KAMI TIDAK SUKA POLITIK!
Saat perbincangan berselang jeda, saya kembali memulai. Kali ini dengan topik yang agak lebih keren, untuk menunjukkan bahwa saya tidak ‘buta-buta’ isu internasional banget. “By the way, Presiden Anda baru saja terpilih bukan?” tanya saya pada pria Prancis. Pasangan Austria langsung antusias menyambut dengan menoleh ke belakang. “Oh ya, ya..” ucap mereka. Namun pria Prancis sepertinya butuh waktu untuk menangkap pertanyaan saya. Dia balik bertanya, “maaf?”. Pasangan Prancis ini tampaknya kurang fasih berbahasa Inggris, dibandingkan pasangan Austria. Saya terkadang harus mengulang ucapan saya agar mereka mengerti, tidak seperti bule Austria yang dengan cepat menangkap apa yang saya ucapkan. Setelah saya mengulang pertanyaan, Ia menjawab sambil tertawa, “Oh ya, Hollande baru saja terpilih.” Saya bertanya lagi, “Apakah Anda memilih dia?” Ia menjawab sambil tertawa, “No!” Kami semua dan pasangan Austria pun menyambutnya dengan tawa. Pria Prancis meneruskan, “Saya tidak memilih Hollande, tapi saya tidak suka Sarkozy.” Kali ini pria Prancis ini bicara panjang lebar. Ia memaparkan hitungan matematis kebijakan-kebijakan yang akan diambil Hollande yang mulai tidak saya pahami. “Saya kira mereka berdua sama saja, Hollande dan Sarkozy. Intinya, ini semua kan hanya masalah kepentingan. Mereka hanya memikirkan diri sendiri, bukan rakyat,” jawabnya terkesan putus asa. Saya mengiyakan dan berkata, “Politics is bullshit!” Tawa kami meledak satu jeep, kecuali Pak Sopir. Mungkin dia sedang asyik nyetir. Kali ini wanita Austria ikut menambahkan, “Ya, saya kira juga begitu. Politik sepertinya dimana saja sama. Bukan hanya di negara kami.” Oke, kini kami semua sepakat, setidaknya satu jeep minus Pak Sopir yang abstain: politics sucks!
“KAMI SUKA INDONESIA!”
Bule wanita Austria mengatakan “Saya kagum sama orang Indonesia, kebanyakan mereka mampu berbahasa Inggris dengan sangat baik. Mungkin yang paling baik di antara negara-negara Asia yang lain.” Saya tersenyum sambil menjawab, “Thank you”. Di dalam hati berdoa, “Mudah-mudahan saya termasuk orang yang ‘kebanyakan’ itu, hahaha. Ia meneruskan, “Dan orangnya baik-baik. Kami suka Indonesia. Kalian punya nature yang bagus, buah-buahan yang enak.” Saya kemudian bertanya, “Buah apa yang paling kamu suka?” “ Semuanya! Saya suka semuanya”jawabnya cepat.

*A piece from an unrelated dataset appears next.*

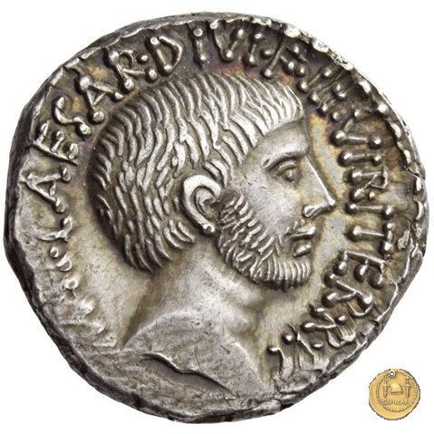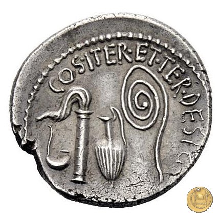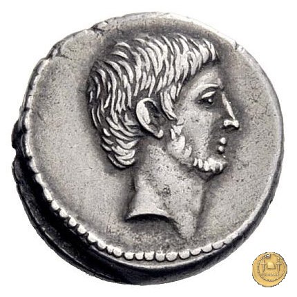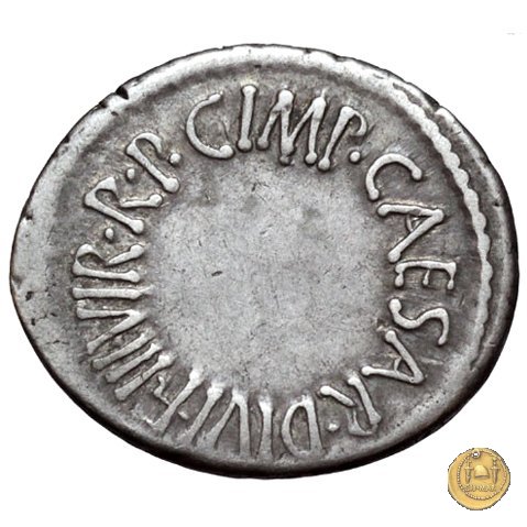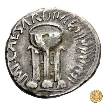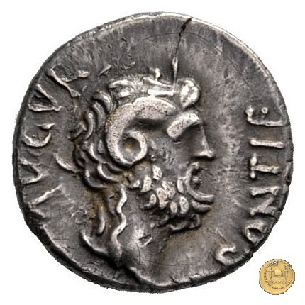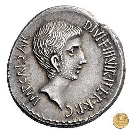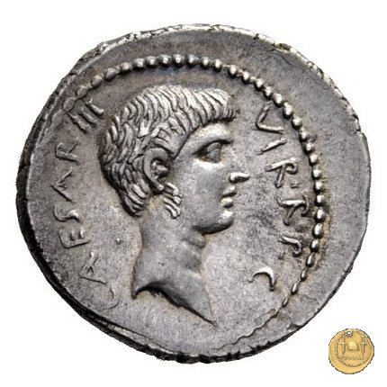 538/1 - denario C. Iulius Caesar Octavianus Dritto: IMP. CAESAR. DIVI. F. III. VIR. ITER. R. P. C Testa di Ottaviano a destra. Verso: COS. ITER. ET. TER. DESIG Simpulum, aspergillum, brocca e lituus. | |

Kalau begitu saya nobatkan kamu sebagai Ratu Buah-buahan Tropis! Simsalabim jadi apa PROKPROKPROK..
KEBESARAN TUHAN DI SEPANJANG PERJALANAN
Saya bertanya pada pria Austria yang duduk di depan, “Jadi Anda berdua berbicara dalam bahasa Jerman ya?” Pria Austria menjawab, “Ya, kami menggunakan bahasa Jerman, namun dengan dialek yang berbeda. Kami bisa paham orang Jerman saat berbicara, tapi orang Jerman belum tentu bisa paham jika kami bicara.” Wow keren! Saya tersenyum kagum.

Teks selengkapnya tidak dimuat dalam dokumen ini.